Less anticipated, though, was the move across the codes that sees him make his debut as head coach in tomorrow’s Heineken Cup tie at home to Cardiff. Leeds can reach the quarter-finals if they win and other results go their way. After that it is back to battling against relegation from the Guinness Premiership.
League coaches in union are nothing new. Few teams, and fewer successful ones, have been without their league-rooted defence coach in recent years. Defences constructed by Phil Larder (Leicester and England), Clive Griffiths (Wales), Dave Ellis (France) and Shaun Edwards (Wasps) have carried off World Cup, Six Nations, Heineken and Premiership trophies.
But Powell’s appointment, following that of Edwards as head coach at Wasps and Denis Betts to run skills and development at Gloucester, reflects an expansion of the league diaspora.
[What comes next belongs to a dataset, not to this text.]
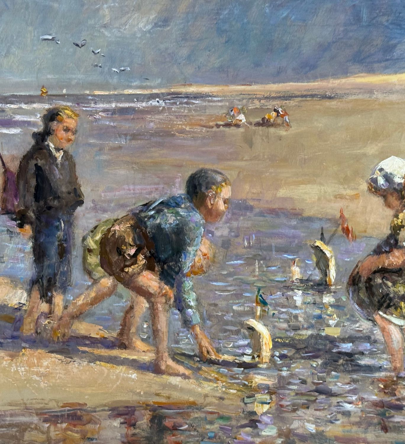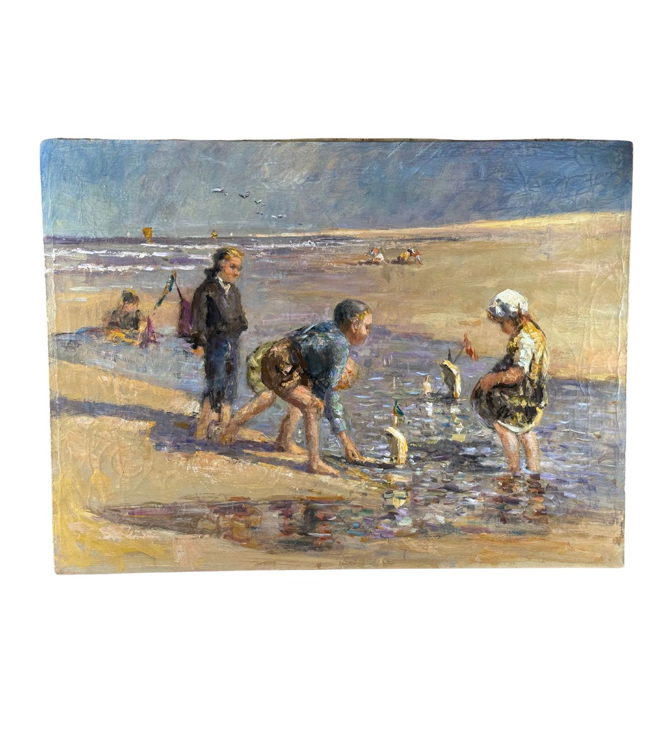 Dipinto olio su tela, periodo XX secolo scuola Italiana, raffigurante Bambini su marina. Tratto da un'opera di Jozef Israels. Dimensioni: 80x60 cm. Da artista anonimo. Opera in buone condizioni con lievi segni di vissuto come da foto allegate.

It comes after only three months as offensive coach, much more rapidly than either he or director of rugby Phil Davies expected, a response to miserable early-season form.
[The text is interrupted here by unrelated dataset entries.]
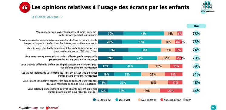 tonies® France publie ci-dessous les résultats d’une enquête réalisée par OpinionWay auprès de 1030 familles françaises entre le 16 et le 24 janvier 2024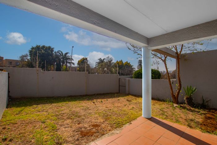 Enjoy relaxed Carlswald living in Midrand with an open-plan lounge flowing to a covered patio overlooking manicured estate gardens; two bedrooms, one bath, and secure small-complex convenience.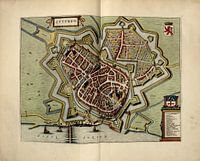 Jan (Joan) Willemsz. Blaeu (Amsterdam) was een Nederlandse drukker en uitgever, cartograaf en uitgever van vermaarde atlassen uit de gouden eeuw. Hier portretteert hij elke Nederlandse vestingstad.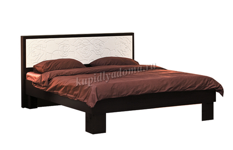 Кровать «Розалия» обладает лаконичным дизайном, оживлённым арт-элементами, изображающим распустившиеся розы. Форма мебельного изделия проста, однако привлекает внимание тёплыми оттенками. Фабрика «Олмеко» предлагает два цветовых решения: в контрастных коричнево-бежевых тонах или в спокойной молочной гамме.

It is one thing to instruct players in one element of play – and there can be little doubt that league has plenty to teach union in terms of the giving, timing and taking of passes, angles of support running and beating an opponent one on one – but quite another, even with Davies there to advise and support, to take on the whole-game responsibilities of the chief coach.
But coaches changing code do not face the same challenges as players. A player lives on the conditioned reflex that allows him instantaneously to make the right decision at full physical stretch – changing codes means adjusting instincts hard-wired by a lifetime in a different game. Coaching is analytical and reflective and draws on skills of motivation and man-management not specific to any sport.
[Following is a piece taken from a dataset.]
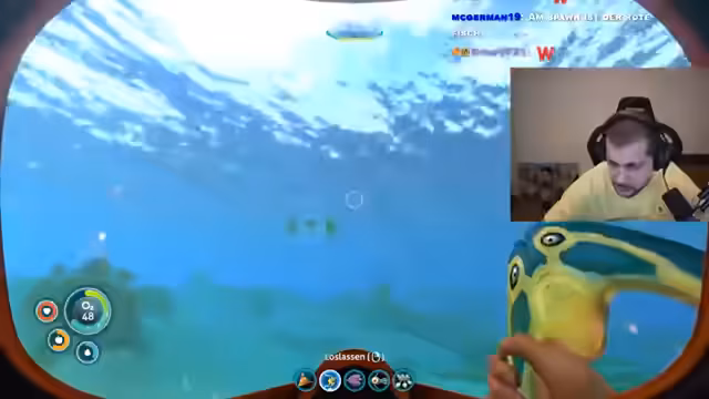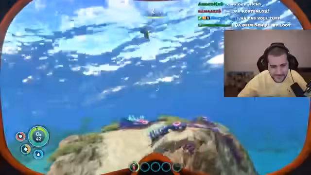 01:43:58Nach der eingängigen Diskussion über urzeitliche Kreaturen beginnt der Streamer mit dem Spielen von Subnautica. Er startet ein neues Überlebens-Spiel, nachdem sein Raumschiff explodiert ist und er sich mit einer Gehirnerschütterung in seiner Rettungskapsel wiederfindet. Sein Ziel ist es, das Wrack des Schiffes zu erreichen, wobei ihm die ersten Schritte auf dem fremden Planeten noch unklar sind. Schnell stellt er fest, dass er auf dem Meeresgrund auf Ressourcen angewiesen ist und seine Haupteinfahrtsgefahr das knapp werdende Sauerstoffvorräte sind.

And Powell’s union education predates this season. In July 2003, after 27 months as head coach of the Tykes’ Super League partners Leeds Rhinos, he concluded that he needed to learn more. It was typical of Powell to make the admission, equally characteristic of Leeds chief executive Gary Hetherington – the man who signed him for Sheffield in 1984 – that he did not sack him, but made him director of rugby and encouraged his quest for knowledge.
Part of that research sabbatical was spent at England Rugby Union squad sessions with Larder, another mentor from playing days with England, Great Britain and Keighley.
Personal relationships ease pioneering appointments. Just as Rupert Lowe’s friendship with Sir Clive Woodward underpins Southampton FC’s punt on the former England and Lions coach’s change of code, so Powell’s working relationship with Hetherington over 20 years will have reassured the Leeds boss about this left-field move.
But Hetherington has too much experience of struggle in both codes to make decisions on sentiment. The price of a mistaken appointment at Wasps or Leicester is struggling for a Heineken place.
At Leeds it means relegation. They cannot afford bad appointments, and this has every chance of being a good one.